● **PROBLEM DESCRIPTION**: Before copying, find the line below that contains "Genuine Turquoise &"; then return it and all later lines exactly, up to and including the final line, with no pictures.

● **STORED DATA**:
##########

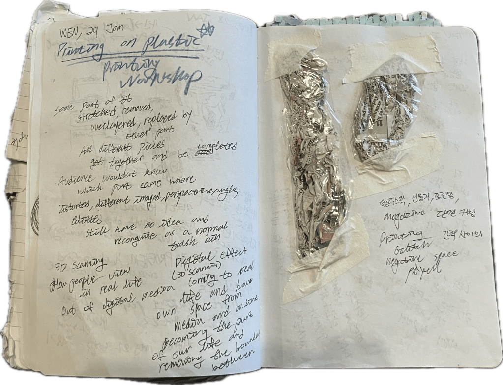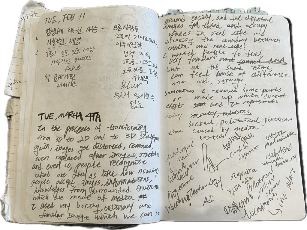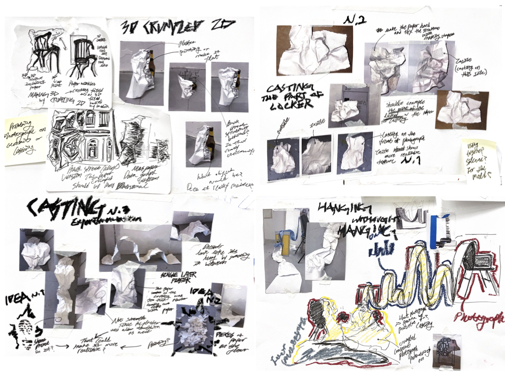 Transferring 2D to 3D and 3D to 2D to represent today that due to too much of dependence on media world, truth and false switched, confused, and beyond that it doesn’t even matter know. Tricking people to think plaster as a paper and to think printing as real objects and at the same time showing how it is easy to make people trust. The crumpled paper holds presence in reality, while the locker, firm in appearance, is merely a fragile sheet.
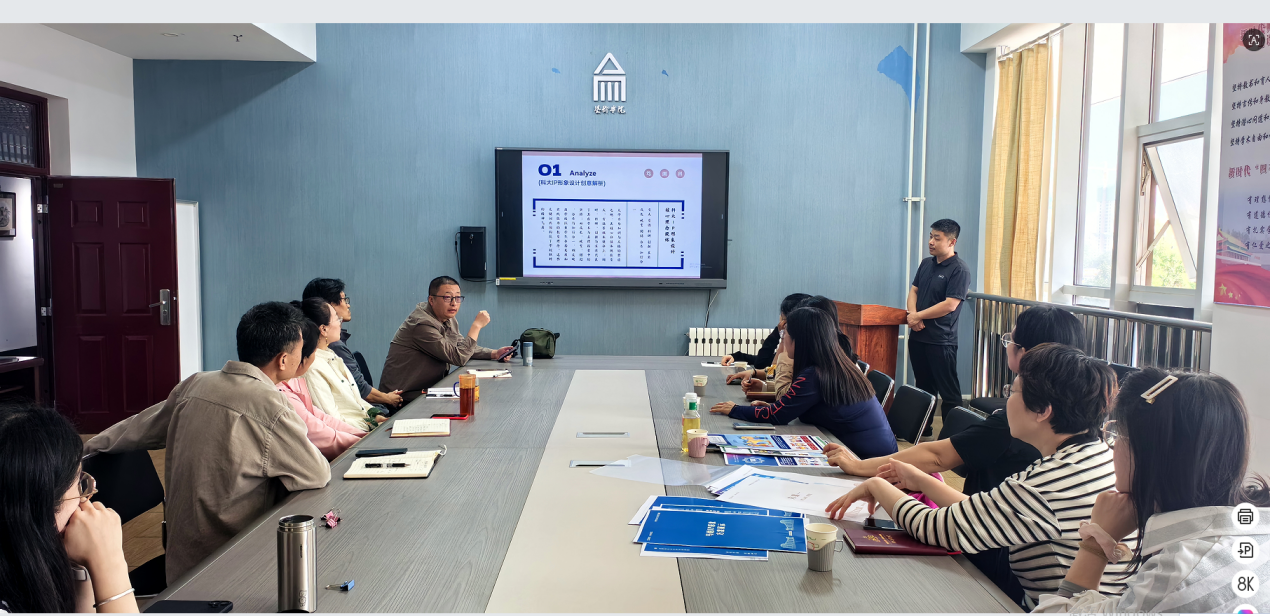 张慧朝、刘丽君、张英民三位老师围绕学校IP形象设计方案进行汇报,从不同角度对学校IP形象的设计理念与初步构想作了阐述。与会人员结合学校实际,针对提交的十余个设计方案展开交流研讨,并从文化内涵及受众定位等方面提出了修改意见建议。
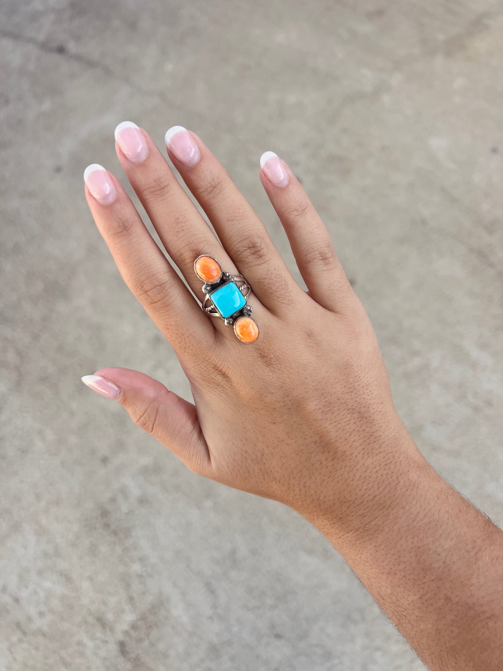 Genuine Turquoise & Spiny Oyster Sterling Silver 3 Stone Ring
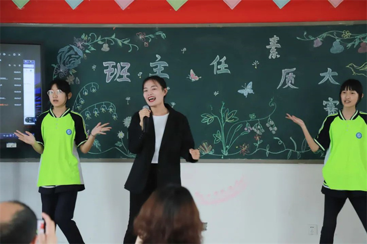 “才艺展示”环节,班主任更是各尽其能,通过倾情献唱、小品相声、诗歌朗诵等形式多样,展示了他们的才华,赢得了在场评委与老师的阵阵掌声。

##########

● **EXERCISE RESULT**:
 Genuine Turquoise & Spiny Oyster Sterling Silver 3 Stone Ring
 “才艺展示”环节,班主任更是各尽其能,通过倾情献唱、小品相声、诗歌朗诵等形式多样,展示了他们的才华,赢得了在场评委与老师的阵阵掌声。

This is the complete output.